Segundo refere, torna-se “urgente” reforçar as redes de acessibilidade que “garantam à região” uma maior competitividade – “Queremos um porto de Sines ainda mais dinâmico, concretizar o itinerário ferroviário entre Sines e o Caia, de importância estratégica para o Alentejo e para Portugal, bem como ligações ferroviárias em rede, alargadas a todo o território” –, além de “clarificar definitivamente” a vocação do aeroporto de Beja.

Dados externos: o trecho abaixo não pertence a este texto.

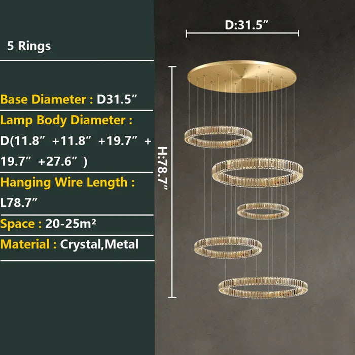 Modern Layered Ring Crystal Chandelier For High Ceiling Living Room /Foryer/Stairscase
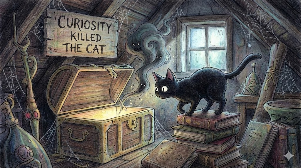 - 해석: 고양이는 호기심이 많아 위험한 곳에 잘 들어가는데, 사람에게도 너무 꼬치꼬치 캐묻거나 위험한 일에 관심을 두지 말라고 경고할 때 쓰는 속담입니다.
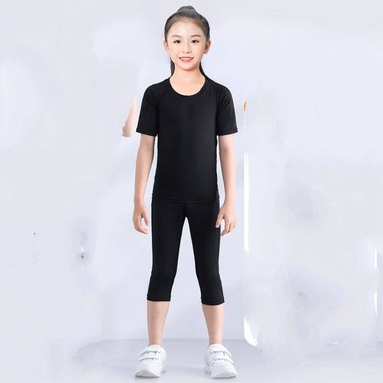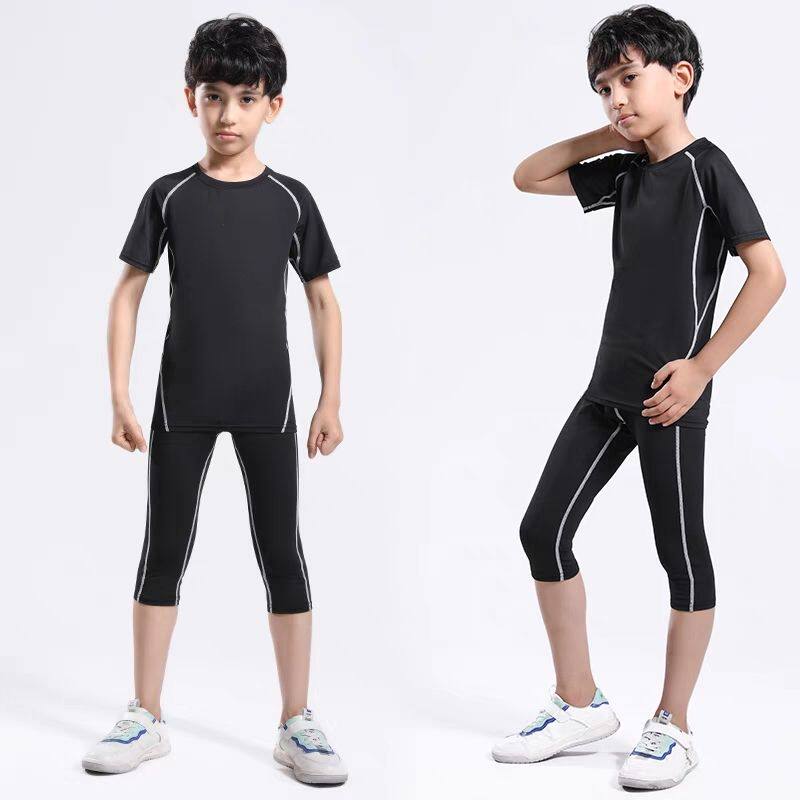 儿童训练服夏季紧身速干运动跑步篮球打底套装短袖七分裤男女童
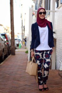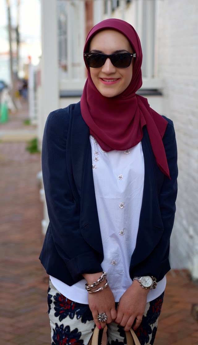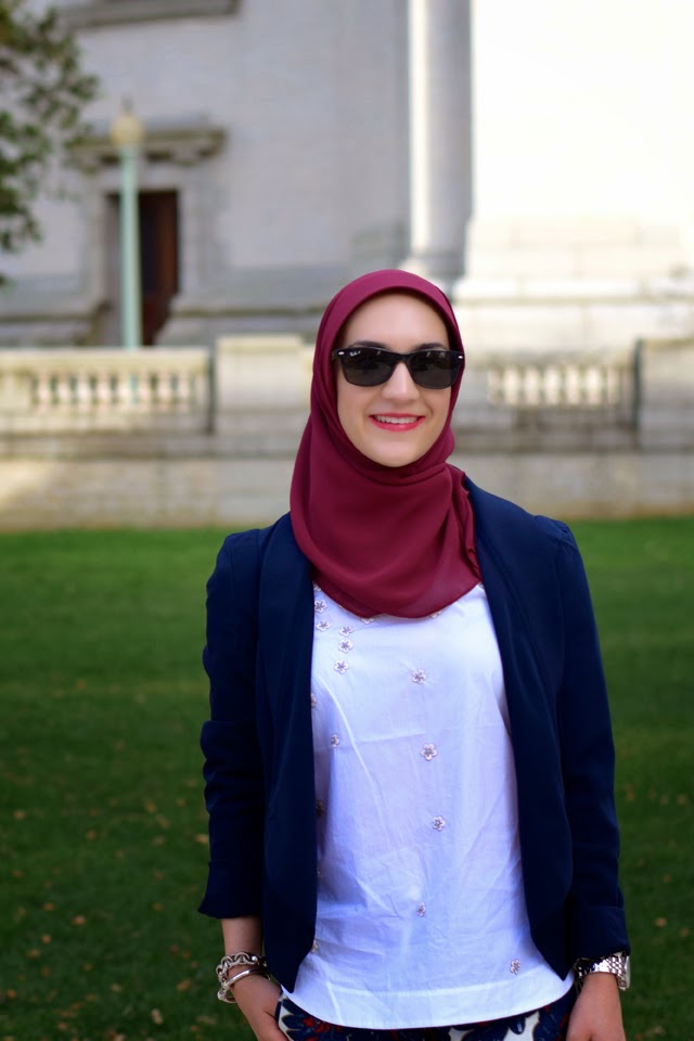 Blazer: The Limited (old) (similar) | Top: J. Crew | Pants: J. Crew | Scarf: Haute Hijab | Shoes: Banana Republic | Bag: Kate Spade | Sunnies: Ray-Ban | Watch: Michael Kors | Bangles: BaubleBar | Ring: Rocksbox | Lips: YSL #17 Rose in Tension
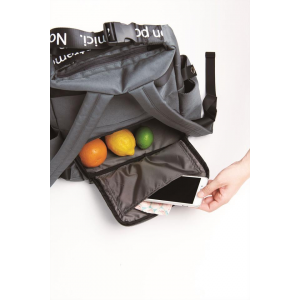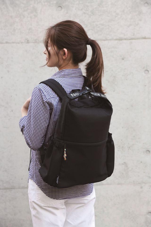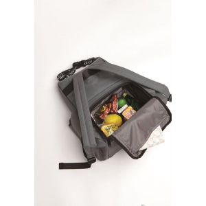 内側はアルミ蒸着フィルムを使用しており保冷保温効果がついています。アクティブに行動したいときはリュックとして、安定感のあるストラップでショルダーとしても使用可能です。
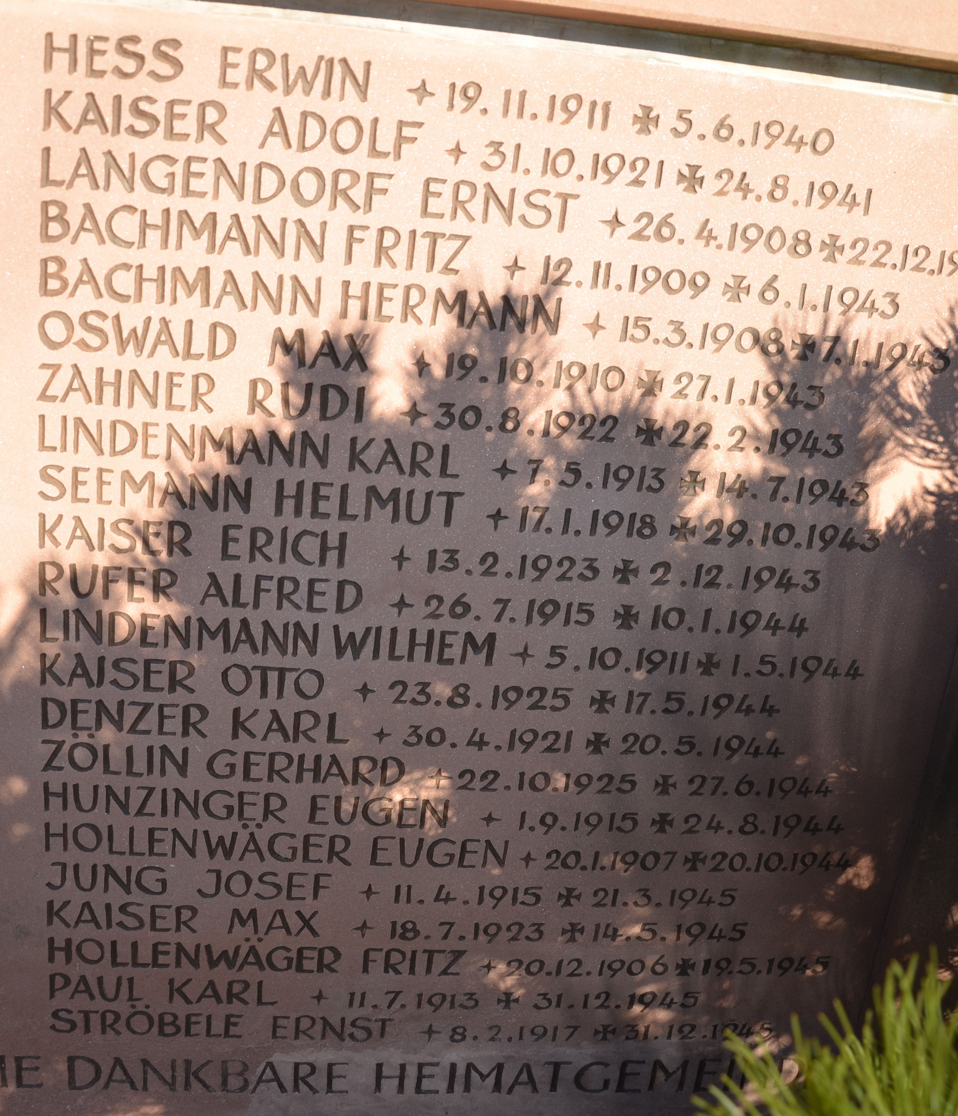 LINDEMANN Friedrich 13.10.1881 - 29.03.1945 64 Jahre alt aus Niedereggenen Ziviles Kriegsopfer. Durch Granatschuss in Schopfheim verletzt. Im Lazarett verstorben |

O presidente da Associação Empresarial do Baixo Alentejo e Litoral (Nerbe/Aebal), Filipe Pombeiro, explica o incremento das exportações com o “melhor desempenho da atividade produtiva da região”, em particular no setor agroalimentar. “Nos concelhos do interior, o azeite e o vinho têm contribuído muito para esses resultados. No litoral, e mais concretamente em Odemira, têm sido os frutos vermelhos”. Filipe Pombeiro sublinha que a reduzida dimensão do mercado interno “obriga” os empresários a procurar “mercados mais globais”, num esforço acompanhado pelo próprio Nerbe: “Temos feito projetos de internacionalização pensados, sobretudo, para as pequenas e médias empresas e essa aposta tem estado a ser ganha”.

 

Beja é agora o quinto município mais exportador, com quase 129 milhões de euros de vendas ao estrangeiro, o dobro do verificado em 2013. Globalmente, Espanha, Alemanha e França são os principais mercados.

 

Ao permitir “maiores produtividades de culturas que já existiam na região, como o olival”, o desenvolvimento do projeto de Alqueva tem vindo a “impulsionar” as vendas nos mercados externos, numa tendência de crescimento que, segundo Filipe Pombeiro, se irá “acentuar” por força da entrada em exploração de novos projetos agrícolas e do alargamento do regadio.
Recorde-se que está aberto o concurso para a segunda fase do Programa Nacional de Regadios com uma dotação global de 93 milhões de euros destinada a financiar projetos situados no Alentejo.

Prioridade: China


Depois da visita do presidente da China a Portugal, no âmbito da qual foram assinados protocolos entre os dois países para permitir a exportação de carne de porco e uvas de mesa, o ministro chinês das Alfândegas visitou esta semana o porto de Sines e a herdade do Vale da Rosa, em Ferreira do Alentejo, a maior produtora nacional de uva de mesa. “Exportamos 30 por cento da nossa produção, que corresponde aproximadamente a cerca de duas mil toneladas de uvas. Vamos começar a exportar diretamente para a China. Temos essa porta aberta e poderá ser um mercado muito importante para nós”, diz Ricardo Costa, diretor comercial do Vale da Rosa.